- **EXERCISE REQUIREMENTS**: Using the data that follows, give again word for word the lines between the one holding "Lace And Satin Contrast Maxi Dress" and the one holding "対応として、現状の水路内に既製品のU字溝を設置させていただきました。", inclusive. Omit the pictures.

- **RECORD EXTRACTS**:
• • • • • • •

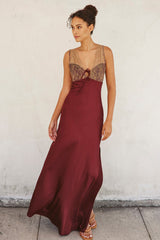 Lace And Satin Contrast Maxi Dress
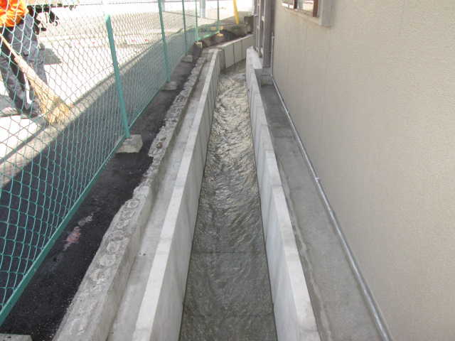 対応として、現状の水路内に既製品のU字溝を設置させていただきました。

• • • • • • •

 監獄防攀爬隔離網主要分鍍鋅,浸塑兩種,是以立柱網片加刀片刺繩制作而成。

• • • • • • •

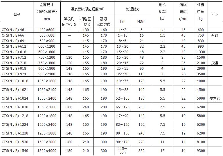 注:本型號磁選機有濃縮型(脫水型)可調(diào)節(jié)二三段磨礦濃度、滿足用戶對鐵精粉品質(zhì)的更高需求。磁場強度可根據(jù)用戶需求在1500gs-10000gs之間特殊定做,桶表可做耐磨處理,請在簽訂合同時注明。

• • • • • • •

- **WRITTEN RESPONSE**:
 Lace And Satin Contrast Maxi Dress
 対応として、現状の水路内に既製品のU字溝を設置させていただきました。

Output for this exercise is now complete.